→ INPUT:
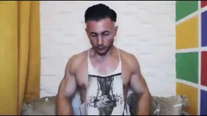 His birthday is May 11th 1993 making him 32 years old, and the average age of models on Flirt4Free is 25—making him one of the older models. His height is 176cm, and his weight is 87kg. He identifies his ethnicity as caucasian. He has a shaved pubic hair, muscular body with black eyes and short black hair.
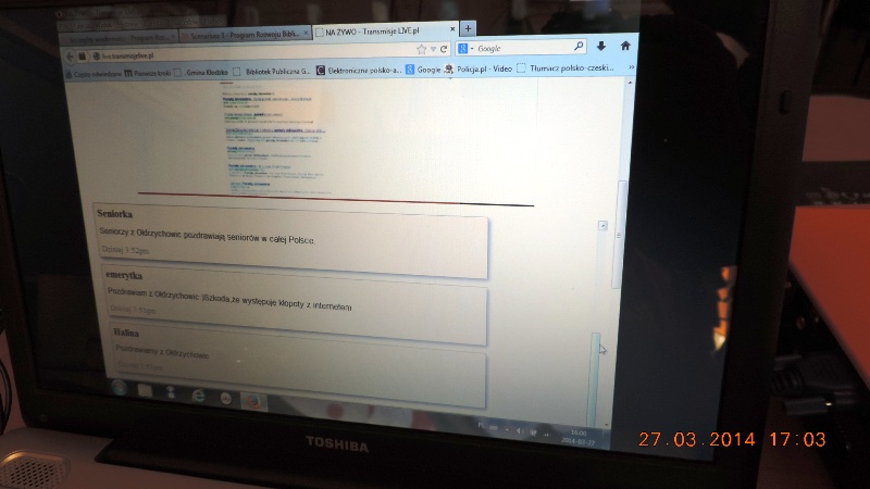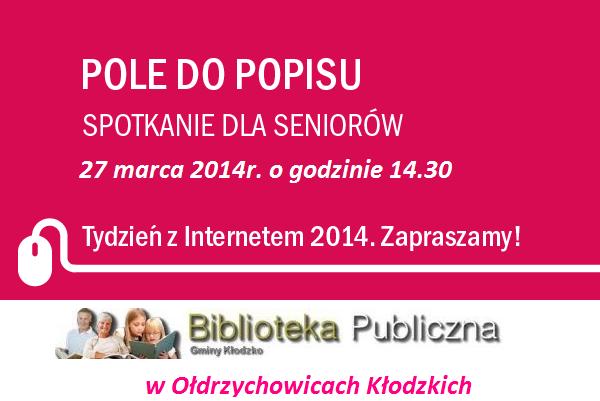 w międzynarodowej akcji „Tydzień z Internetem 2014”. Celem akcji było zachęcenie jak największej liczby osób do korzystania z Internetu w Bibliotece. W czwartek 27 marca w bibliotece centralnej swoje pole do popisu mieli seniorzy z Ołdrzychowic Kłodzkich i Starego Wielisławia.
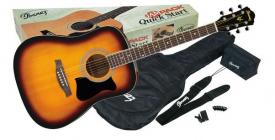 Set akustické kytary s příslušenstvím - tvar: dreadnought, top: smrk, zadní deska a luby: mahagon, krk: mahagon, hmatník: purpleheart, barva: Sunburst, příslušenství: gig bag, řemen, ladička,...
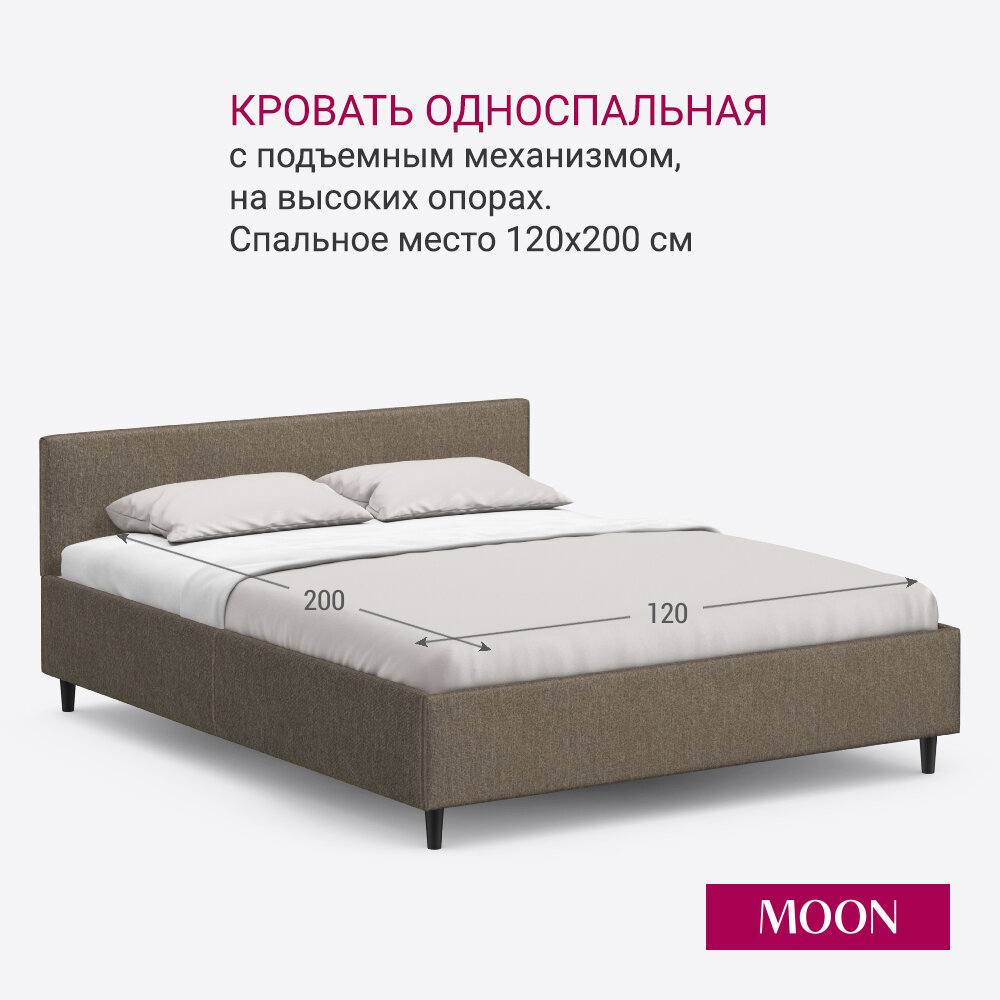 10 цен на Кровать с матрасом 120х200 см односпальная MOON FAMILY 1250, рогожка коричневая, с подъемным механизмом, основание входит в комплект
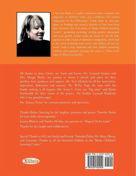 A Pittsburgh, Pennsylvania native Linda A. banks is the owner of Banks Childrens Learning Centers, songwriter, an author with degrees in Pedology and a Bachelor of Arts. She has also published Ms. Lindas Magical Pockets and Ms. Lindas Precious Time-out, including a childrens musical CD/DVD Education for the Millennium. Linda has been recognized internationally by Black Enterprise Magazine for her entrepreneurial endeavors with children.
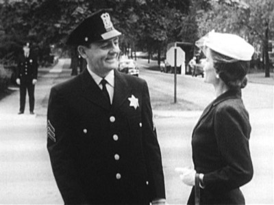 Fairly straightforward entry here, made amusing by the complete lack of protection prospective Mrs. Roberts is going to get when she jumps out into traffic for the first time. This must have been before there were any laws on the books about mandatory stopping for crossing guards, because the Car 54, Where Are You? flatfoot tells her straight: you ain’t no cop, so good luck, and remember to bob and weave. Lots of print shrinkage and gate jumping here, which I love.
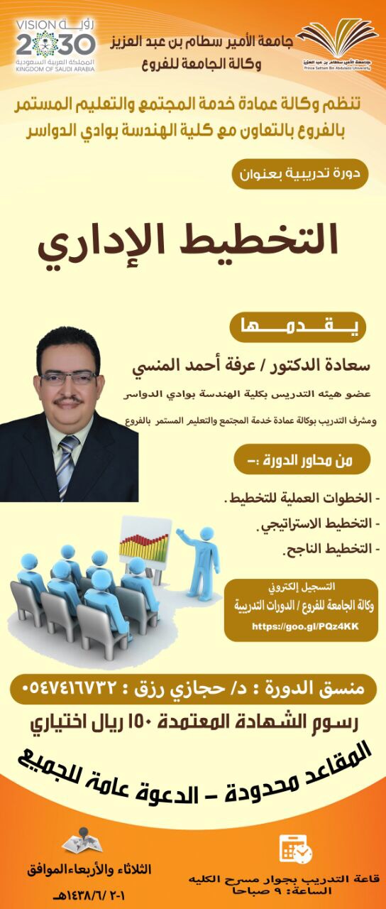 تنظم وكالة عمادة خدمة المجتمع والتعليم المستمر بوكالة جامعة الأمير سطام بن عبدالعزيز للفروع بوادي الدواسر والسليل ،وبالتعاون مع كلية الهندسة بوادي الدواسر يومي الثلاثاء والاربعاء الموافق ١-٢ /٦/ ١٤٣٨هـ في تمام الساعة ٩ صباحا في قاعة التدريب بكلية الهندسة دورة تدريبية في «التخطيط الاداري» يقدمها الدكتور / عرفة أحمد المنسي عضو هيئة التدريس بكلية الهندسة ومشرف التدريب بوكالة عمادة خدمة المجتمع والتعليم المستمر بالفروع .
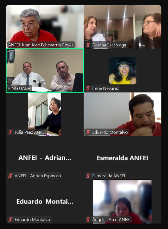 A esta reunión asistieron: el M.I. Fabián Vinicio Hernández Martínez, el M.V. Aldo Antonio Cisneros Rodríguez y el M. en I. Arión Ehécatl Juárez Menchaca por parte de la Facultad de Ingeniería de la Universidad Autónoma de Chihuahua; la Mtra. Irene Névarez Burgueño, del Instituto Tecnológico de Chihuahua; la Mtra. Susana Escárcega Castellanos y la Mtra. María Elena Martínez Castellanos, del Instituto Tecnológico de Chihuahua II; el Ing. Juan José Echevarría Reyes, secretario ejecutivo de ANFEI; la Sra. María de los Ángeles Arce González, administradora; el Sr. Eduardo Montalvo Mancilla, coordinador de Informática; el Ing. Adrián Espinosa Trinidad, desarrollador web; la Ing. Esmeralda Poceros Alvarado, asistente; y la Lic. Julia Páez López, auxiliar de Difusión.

* * *

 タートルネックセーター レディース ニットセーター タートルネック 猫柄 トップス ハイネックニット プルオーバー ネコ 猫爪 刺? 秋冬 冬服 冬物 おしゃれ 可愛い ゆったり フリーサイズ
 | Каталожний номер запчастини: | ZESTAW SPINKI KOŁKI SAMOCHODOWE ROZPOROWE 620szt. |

---

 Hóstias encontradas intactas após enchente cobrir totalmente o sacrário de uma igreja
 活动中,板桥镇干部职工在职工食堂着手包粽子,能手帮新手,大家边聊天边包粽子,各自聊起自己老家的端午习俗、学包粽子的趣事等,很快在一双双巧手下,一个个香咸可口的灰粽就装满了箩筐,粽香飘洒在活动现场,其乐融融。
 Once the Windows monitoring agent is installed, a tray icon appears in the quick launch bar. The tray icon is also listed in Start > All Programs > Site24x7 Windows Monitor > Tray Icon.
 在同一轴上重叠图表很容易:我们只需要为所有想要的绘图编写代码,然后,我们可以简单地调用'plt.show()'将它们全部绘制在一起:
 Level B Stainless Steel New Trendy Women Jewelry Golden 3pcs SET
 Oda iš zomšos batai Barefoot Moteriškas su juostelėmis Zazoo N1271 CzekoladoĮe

→ WORK INSTRUCTIONS:
In the records above, find the line with "His birthday is" and the line with "A Pittsburgh, Pennsylvania", then restate word for word only those two lines and all lines between, omitting pictures.

→ THE COMPLETED TASK:
 His birthday is May 11th 1993 making him 32 years old, and the average age of models on Flirt4Free is 25—making him one of the older models. His height is 176cm, and his weight is 87kg. He identifies his ethnicity as caucasian. He has a shaved pubic hair, muscular body with black eyes and short black hair.
 w międzynarodowej akcji „Tydzień z Internetem 2014”. Celem akcji było zachęcenie jak największej liczby osób do korzystania z Internetu w Bibliotece. W czwartek 27 marca w bibliotece centralnej swoje pole do popisu mieli seniorzy z Ołdrzychowic Kłodzkich i Starego Wielisławia.
 Set akustické kytary s příslušenstvím - tvar: dreadnought, top: smrk, zadní deska a luby: mahagon, krk: mahagon, hmatník: purpleheart, barva: Sunburst, příslušenství: gig bag, řemen, ladička,...
 10 цен на Кровать с матрасом 120х200 см односпальная MOON FAMILY 1250, рогожка коричневая, с подъемным механизмом, основание входит в комплект
 A Pittsburgh, Pennsylvania native Linda A. banks is the owner of Banks Childrens Learning Centers, songwriter, an author with degrees in Pedology and a Bachelor of Arts. She has also published Ms. Lindas Magical Pockets and Ms. Lindas Precious Time-out, including a childrens musical CD/DVD Education for the Millennium. Linda has been recognized internationally by Black Enterprise Magazine for her entrepreneurial endeavors with children.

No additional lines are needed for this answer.